Billy Bogues as Phil, the husband and father to three bains. Whilst the complexities of the character and depth of emotion of the time seemed to be a stretch, he still delivered a solid and credible performance.
The role was massive, the emotion was a roller coaster and required greater light and shade, but credit to Bogues, I would come back a second night to see him develop in the part and performance.
“a solid and credible performance”
Phil’s wife is played by Sandra Clark, in her first production with Rondo Theatre. A very family orientated and passionate mother, frustrated by the circumstances she is engulfed within and placing her children first, she takes a stand.
Sandra is credible and immersed totally in her role. She is perhaps the strongest female character yet her role is overshadowed by Christina Uhlik’s portrayal of Gloria
Gloria grew up in Grimley, left school studied at university and worked in London and it sent to Grimley on a PR fact finding assignment and to survey the needs of the town and author the report on the future of the colliery.
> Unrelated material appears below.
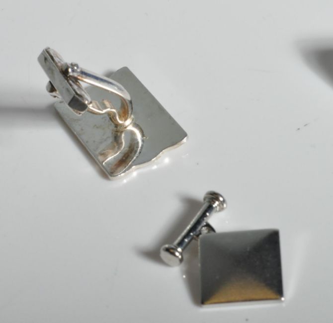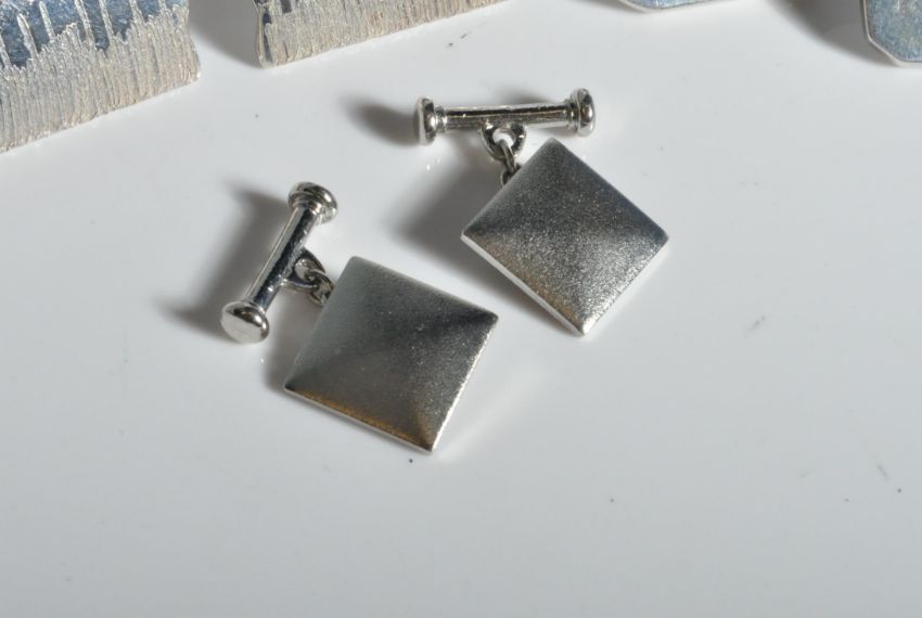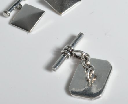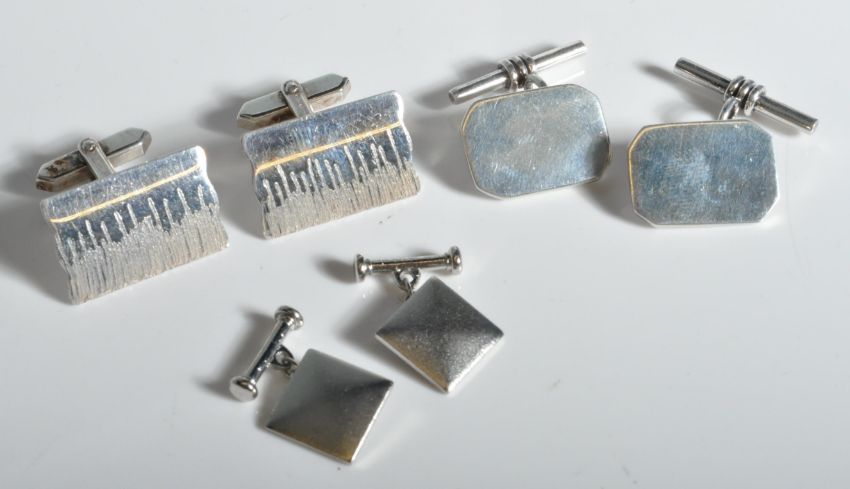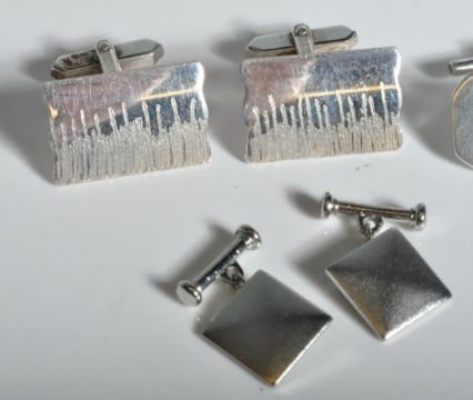 A collection of gentleman's silver cufflinks. Three sets to include 1 set united by chains, 2 with plain cartouche panels and one set with a chased reeds decoration. Total weight 30.2g

Betrayed by her company, accepted then rejected by the Brass Band, fell into and out of a relationship with Andy, the Casanova of the pit. Christina plays Gloria well, however the onstage chemistry with Andy seemed to be a slow burn rather than a true smouldering.
Casanova Andy, played by Keelan Hill, gave life to his character. It was a difficult part. A true Yorkshire lad, steeped in a strong pub culture but torn between a growing feeling of love for Gloria and his loyalty to his mates, band and his laddishness.
“The high point was a soulful rendition of Danny Boy”
The high point was a soulful rendition of Danny Boy. Hill’s voice lifted the song in the second stanza, found the perfect pitch and delivered a sensation interpretation of this classic.
It was a large cast, with many characters, credit to Harrison Clark playing Shane Jr. Harrison is a name we will see more of in coming years. Marshall Betzel as Jim, Ken Cotterill as Harry, Rita and Vera played by Judy Gittings and Debbie Dean, all supported well, and starred in their own right.
Perhaps potentially the most under recognised actor on the night could be 7-month-old Mason Beckert playing Baby. A role he was born to play and played with conviction and panache.
In all, the production was great. Staging in the round was innovative. Set design was simple yet effective along with strong use of audio-visual depicting the setting, strife and emotion of the times.
Opening night jitters appeared to play some part, timings could have been sharper, but that’s just being super critical. The audience loved it. I loved it. It was a production that deserves support.
A big cast melded together to narrate an important era in modern life.
A community destined to be changed and struggling to reconcile that fact.
Change is ever-present in the world particularly now in this late to maybe one day post-COVID world.
Full marks to Wayne Rees as Director and Peter Caldwell as Musical Director. Bringing a large cast together, combining the Cairns Municipal Band with the Cairns Little Theatre and you have roundly delivered.
You’d be a daft ha’peth to miss this one!